A few weeks back, Connor, a Brand & Mortar colleague, introduced me to a book, Contagious: Why Things Catch On by Jonah Berger. Connor’s recommendations—whether they’re lunch options, video games, or craft beer—are usually pretty solid. He hasn’t steered me wrong yet. So, when he told me about a marketing book that he swore would alter my preconceived notions about online advertising, I took his endorsement to heart. Little did I know that Connor’s persuasive word-of-mouth recommendation would have a lot to do with what I was about to read.
Blendtec: A Case Study
Have you ever watched one of these videos on YouTube? At one point or another, you’ve probably stumbled across a Will it Blend? video while killing time. The series, created by Blendtec in 2006 to promote their Ultra High Speed Motor technology, was the brainchild of founder Tom Dickson and marketing director George Wright. The pair were able to turn a few hundred dollars into a series of simple, yet ridiculously entertaining videos that became a viral sensation by simply showcasing the product’s most important feature: the ability to turn any solid object into a pile of crumbs and dust.
Jonah Berger, a professor at the Wharton School of the University of Pennsylvania, and an expert on word of mouth, viral marketing, social influence, and trends, uses the Will it Blend? story to highlight the fact that even mundane objects, like a blender, can achieve viral attention on the internet. Sure, some cool and flashy things better lend themselves to internet buzz generation, like big budget Hollywood movies or an attractive new sports car. But, as Berger argues, that doesn’t mean simpler, less extravagant products can’t earn the same amount of buzz.
The great equalizer is content.
Content is the Key
One of Berger’s core tenets when it comes to social media is that the attention and engagement your content achieves on Facebook or Twitter, for example, is only as good as the amount of word-of-mouth recommendations your content receives in the real world. Any product being sold on the internet can achieve viral status, if, according to Berger, you adhere to his 6 “STEPPS.”
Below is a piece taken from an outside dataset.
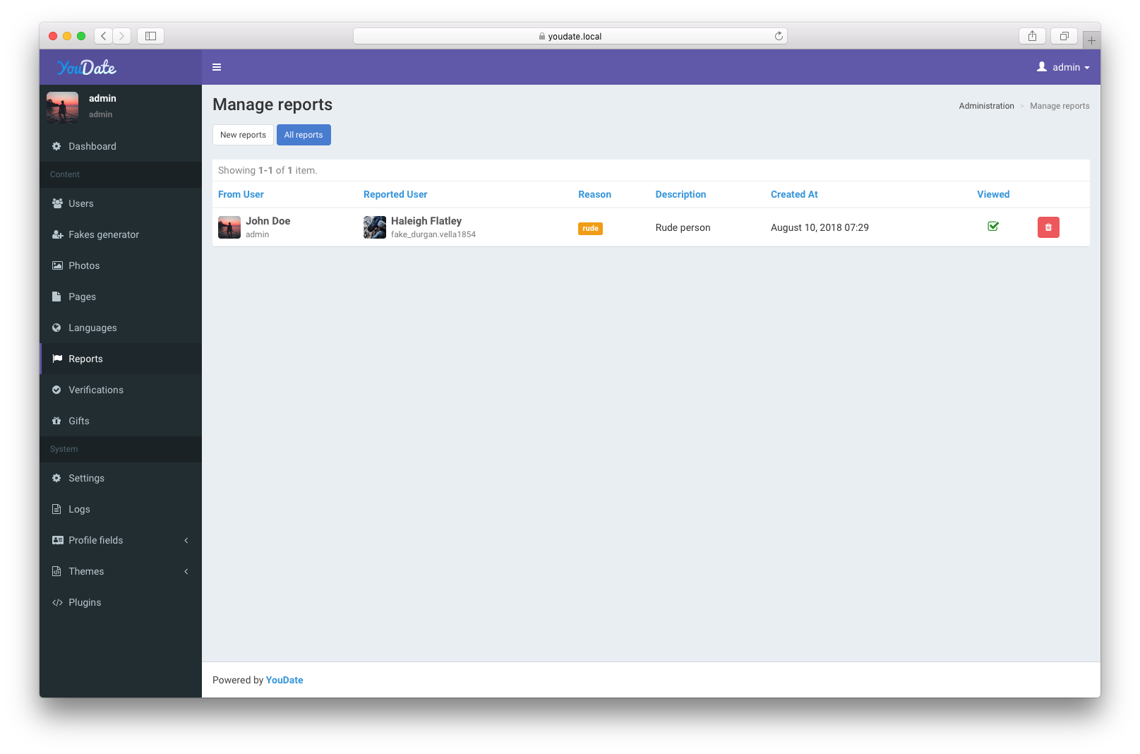 Reports management allows you to review all the reports and make verdicts (block users or mark report with "viewed" flag).

How do you create content that people feel deeply compelled to share with others? Berger provides us with an actual recipe:
“Products or ideas that contain Social Currency, and are Triggered, Emotional, Public, Practically Valuable, and are wrapped up in a Story.”
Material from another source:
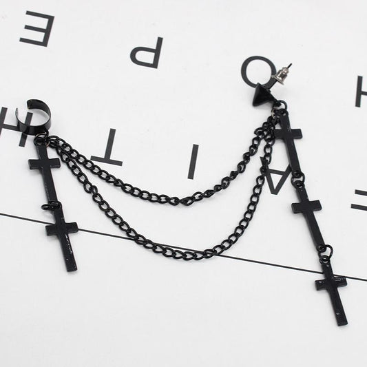 Cross cross tassel earrings Personality metal punk wind ladies ear clip earrings

This statement is difficult to understand until you have a basic grasp of the 6 contagious elements that Berger identifies. Below, I provide a quick breakdown of what each of the 6 elements entails.
Step #1: Social Currency: Appearances Matter
Give your product—and its owner—social status by making it and those who talk about it appear remarkable (interesting, exclusive, distinctive). A good example of this is a trendy Toronto bar that is deliberately kept hidden and secret, making those who do frequent the establishment part of an exclusive, elite group of people.